On Fri, Jul 25, 2014 at 12:30:57PM -0400, Brian Foster wrote:
> On Fri, Jul 25, 2014 at 08:32:11AM +1000, Dave Chinner wrote:
> > On Thu, Jul 24, 2014 at 10:22:50AM -0400, Brian Foster wrote:
> > > Hi all,
> > >
> > > This is a first pass at sparse inode chunk support for XFS. Some
> > > background on this work is available here:
> > >
> > > http://oss.sgi.com/archives/xfs/2013-08/msg00346.html
> > >
> > > The basic idea is to allow the partial allocation of inode chunks into
> > > fragmented regions of free space. This is accomplished through addition
> > > of a holemask field into the inobt record that defines what portion(s)

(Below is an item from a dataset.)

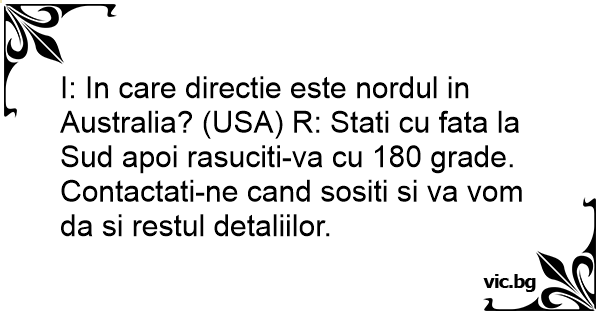 I: In care directie este nordul in Australia? (USA) R: Stati cu fata la Sud apoi rasuciti-va cu 180 grade.

> > > of an inode chunk are invalid (i.e., holes in the chunk). This work is
> > > not quite complete, but is at a point where I'd like to start getting
> > > feedback on the design and what direction to take for some of the known
> > > gaps.
> > >
> > > The basic breakdown of functionality in this set is as follows:
> > >
> > > - Patches 1-2 - A couple generic cleanups that are dependencies for later
> > > patches in the series.
> > > - Patches 3-5 - Basic data structure update, feature bit and minor
> > > helper introduction.
> > > - Patches 6-7 - Update v5 icreate logging and recovery to handle sparse
> > > inode records.
> > > - Patches 8-13 - Allocation support for sparse inode records. Physical
> > > chunk allocation and individual inode allocation.
> > > - Patches 14-16 - Deallocation support for sparse inode chunks. Physical
> > > chunk deallocation, individual inode free and cluster free.
> > > - Patch 17 - Fixes for bulkstat/inumbers.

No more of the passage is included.